Question

The X and Y components of a displacement vector are (15,7)m. Find the magnitude and direction of $ \vec A $ .

Answer 1

Hint : The magnitude of a vector is the length of the vector without consideration of its direction. The vector is given by the line joining the origin of a Cartesian plane to the point given as the components.

Formula used: In this solution we will be using the following formula;
 $\Rightarrow \left| A \right| = \sqrt {{X^2} + {Y^2}} $ where $ \left| A \right| $ is the magnitude of any vector $ A $ , $ X $ is the x component and $ Y $ is the y component of the vector.
 $\Rightarrow \theta = {\tan ^{ - 1}}\left( {\dfrac{Y}{X}} \right) $ , where $ \theta $ is the direction in angle.

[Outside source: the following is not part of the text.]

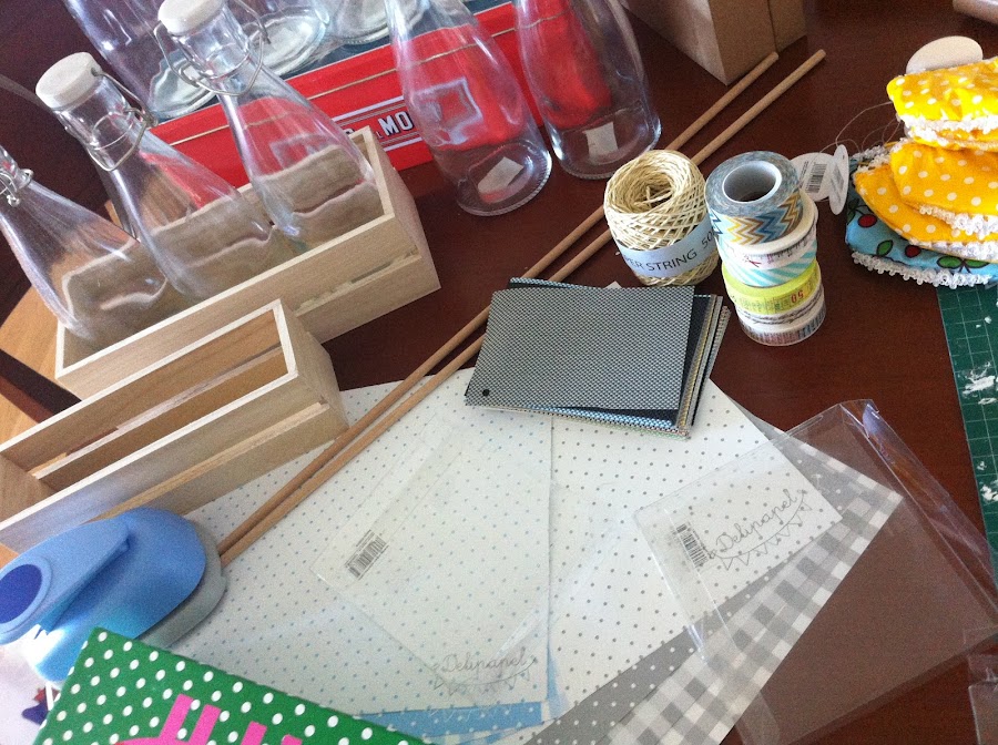 Siguiendo con la crónica del Baby Shower de Xoel, después de días y días planeando que hacer y que comprar me fui a Delipapel con mi lista, ilusa de mí...porque una vez allí, como siempre me pasa compré un montón de cosas más. Gracias a Maria que lo envió directamente a Coruña, todo el material sobrevivió al viaje, porque no se como habría llegado si hubiera tenido que meterlo en la maleta.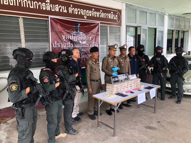 “ทั้งนี้ เมื่อเจ้าหน้าที่ตรวจสอบวัตถุดังกล่าว พบเป็นกระสอบบรรจุยาบ้า เจ้าหน้าที่จึงเข้าทำการควบคุมตัวไว้ ซึ่งผู้ต้องหาทั้ง 3 คน ให้การเบื้องต้นว่า ได้รับคำสั่งจากผู้ใช้เมสเซนเจอร์ ชื่อว่า “สิน ค้า’า” ซึ่งทราบว่านายกาฟิว (ไม่ทราบชื่อสกุลจริง) เป็นผู้ใช้งาน ให้ตนมารอรับรถยนต์ยี่ห้อ TOYOTA รุ่น soluna สีน้ำตาล หมายลทะเบียน กน 6281 มหาสารคาม ที่รีสอร์ทแห่งหนึ่ง ถนนมุกดาหาร-คำชะอี อ.เมืองมุกดาหาร จ.มุกดาหาร เพื่อนำยาบ้าไปวางตามจุดต่างๆ อ.ห้วยเม็ก จ.กาฬสินธุ์ จริง ซึ่งทั้ง 3 คนอ้างว่าทำเป็นครั้งแรก โดยถ้าวางยาบ้าตามจุดต่างๆ ได้เสร็จสิ้น จะได้รับค่าจ้างจำนวน 50,000 บาทและได้ค่าจ้างขนยาบ้ามาแล้วจำนวน 5,000 บาท โดยโอนเข้าบัญชีนายณัฐภูมิ (นามสมมุติ)เมื่อวันที่ 30 พ.ค.68” พล.ต.ต.ศิรสัณห์กล่าว

Complete step by step answer
When the components of a vector are stated as (X,Y), this means that a line joining the point and the origin on a Cartesian plane, in the direction of the point, signifies the vector. The length of the line is the magnitude of the vector while the angle between the vector and the x-axis is considered the direction of the vector.
Hence, to calculate the length of the line, from mathematical principles,
 $\Rightarrow \left| A \right| = \sqrt {{X^2} + {Y^2}} $ . Thus, substituting, the values of X and Y, we have
 $\Rightarrow \left| A \right| = \sqrt {{{15}^2} + {7^2}} $ . Hence, by computation
 $\Rightarrow \left| A \right| = 16.55m $ .
In finding the direction, angle from the x-axis, we have that
 $\Rightarrow \theta = {\tan ^{ - 1}}\left( {\dfrac{Y}{X}} \right) $ , hence by substitution again, we have that
 $\Rightarrow \theta = {\tan ^{ - 1}}\left( {\dfrac{7}{{15}}} \right) $
 $\Rightarrow \theta = 0.44rad $ which can be converted to degree by multiplying by 180 over pi.
 $\Rightarrow \theta = 0.44 \times \dfrac{{180}}{\pi } = 25^\circ $.

Note
The derivation for the magnitude and direction of a vector can be shown from the diagram below

We see the vector point to (XY) form 0, this is the hypotenuse of the right angled triangle. Hence, the length is given by the Pythagoras theorem, thus
 $\Rightarrow L = \sqrt {{x^2} + {y^2}} $
And the angle is
 $\Rightarrow \tan \theta = \dfrac{y}{x} $
 $\Rightarrow \theta = {\tan ^{ - 1}}\dfrac{y}{x} $ .